Australian Football League CEO Andrew Demetriou said that the league wants to increase its int’l TV coverage. Game broadcasts of Australian Rules football, which is the country’s most-popular sport, are already available in almost every corner of the world. The league's list of int'l broadcast partners includes BT Sport in the U.K, Fox in the U.S., and pan-European channel Eurosport 2, among others. However, the AFL believes that there is room for growth in this area. "I think we can grow internationally. Not from a perspective of players or playing the game, but certainly in the form of international broadcast rights," said Demetriou. The AFL is not only available on traditional broadcast TV but also on computers, tablets and mobile devices through its "Watch AFL Global Pass." The pass allows fans of the sport to watch every AFL game live on their devices for $139 annually. In part due to the game’s global accessibility, Demetriou told SBD Global that its viewership continues to grow. "All sports, but particular the ones that are popular, continue to grow. The demands for them continue to grow," he said. "We are in a fortunate position that our sport does continue to grow on every metric that we measure ourselves by." Demetriou, who has been the league’s CEO since ‘03, attended this year’s Super Bowl as a guest of ESPN and seems to be particularly fond of the Bristol-based network. "We are hoping we can do something with ESPN in the future," he said. The AFL’s current U.S. broadcast deal with Fox Soccer Plus expires after the ’14 season.

ON THE HOME FRONT:
In Australia, the AFL’s broadcast rights are locked up through ’16. Channel 7 and pay-TV operator Foxtel paid A$1.25B for the league’s TV rights in '11. While the next round of negotiations is still a couple years away, media research analyst Roger Colman predicted that the next AFL broadcast rights contract will be worth up to A$1.6B ($1.4B).
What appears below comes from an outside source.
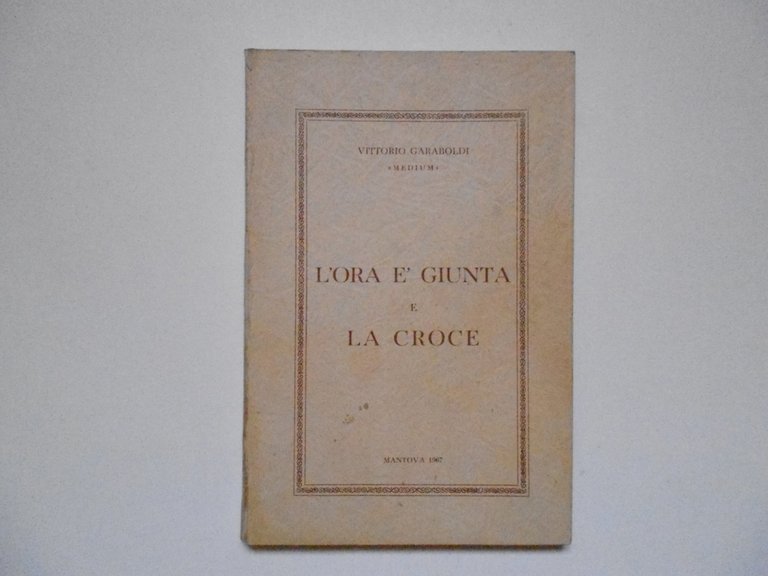 V. Garaboldi (medium"), -L'Ora E' Giunta -La Croce L'editore non è indicato (stampato presso La Rapida), Mantova, 1967. Cm. 21x14; pp. 78. Cartoncino edit. simil pelle marrone. Condizioni di conservazione Esemplare in buono stato di conservazione. Leggeri segnetti e qualche segno a matita alla coperta. Lievissime bruniture di polvere alla coperta. Un taglietto al margine sup. del fronte della coperta. SETT81.L20857G "

Demetriou dismissed the number but said that he was pleased to read how high it could go. "I think everyone realizes on a global scale that broadcast rights and content is very valuable," he said. Because of the game's continuing growth and the National Rugby League's most recent broadcast deal, the AFL is expecting to increase its domestic rights deal but what the increase will be remains to be seen. However, what Demetriou knows is that the league will do its homework before heading into the negotiations. "We will be well prepared, certainly well researched and well briefed on all things broadcasting, whether it is advertising rights or market share, as we have done in the past to get the ultimate result," he said.